License: MIT Python 3.8 PyTorch 1.12

LEARNING ROBUST SELF-ATTENTION FEATURES FOR SPEECH EMOTION RECOGNITION WITH LABEL-ADAPTIVE MIXUP

Lei Kang, Lichao Zhang, Dazhi Jiang.

Accepted to ICASSP 2023.

Hardware and Software:

  • i9-10900

  • 64GB RAM

  • RTX3090 (24GB)

  • Ubuntu 22.04

  • Python 3.8

  • PyTorch 1.12

Dataset

IEMOCAP

To make our results comparable to the state-of-the-art works [2, 3, 18], we merge ”excited” into ”happy” category and use speech data from four categories of ”angry”, ”happy”, ”sad” and ”neutral”, which leads to a 5531 acoustic utterances in total from 5 sessions and 10 speakers. The widely used Leave-One-Session-Out (LOSO) 5-fold cross-validation is utilized to report our final results. Thus, at each fold, 8 speakers in 4 sessions are used for training while the other 2 speakers in 1 session are used for testing.

Train the model

  • The dataset URL should be modified according to your environment in dataset_wavMix.py.
  • Start the training process by running python train.py, note that the training information will be printed out once per epoch.

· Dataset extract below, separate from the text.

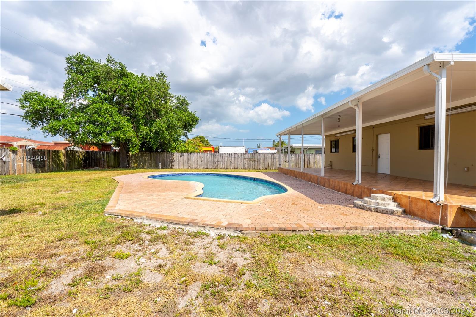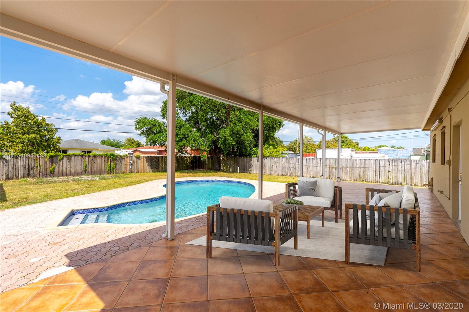 Wonderful opportunity to own this 4BR/2BA pool home situated on a fenced in lot in a quiet neighborhood of Hialeah. Recent upgrades include a brand new roof, all new interior & exterior paint, new SS appliances and a new pool pump and filter system. The home features tile flooring throughout, a spacious dining/living room combo, galley style kitchen, optional office, optional mother-in-law/guest room and a generous master bedroom. Out back you'll find a large covered patio that overlooks the beautiful in ground pool! To help visualize this home's floor plan and to highlight its potential, virtual furnishings have been added to photos found in this listing. All Information recorded in the MLS is intended to be accurate but cannot be guaranteed, buyer advised to verify. Sold As-Is.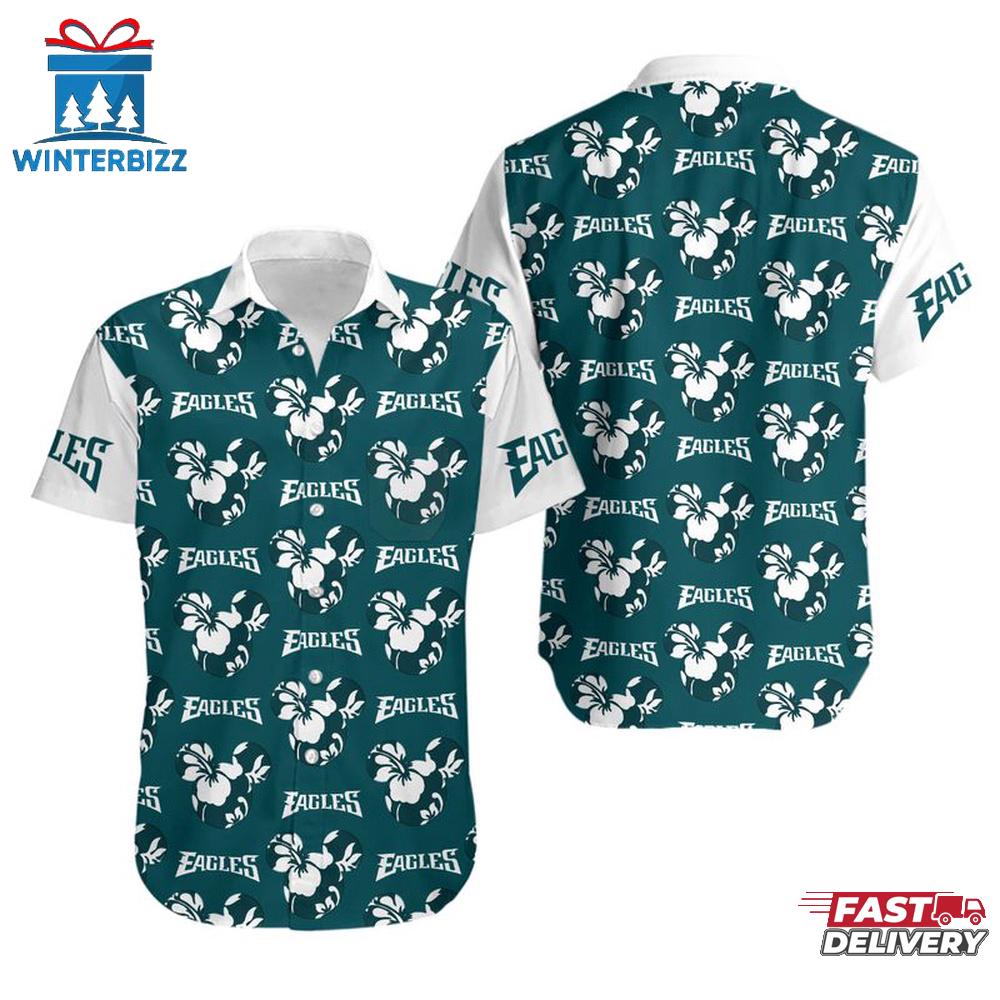 NFL Philadelphia Eagles Mickey And Flowers Hawaiian Shirt

Architecture of the proposed method

arch

Comparison with state of the arts

res

Citation

If you are using the code or benchmarks in your research, please cite our paper:

Lei Kang, Lichao Zhang, Dazhi Jiang. "Learning Robust Self-attention Features for Speech Emotion Recognition with Label-adaptive Mixup", IEEE International Conference on Acoustics, Speech, and Signal Processing (ICASSP 2023), Rhodes Island, Greece, Jun 2023.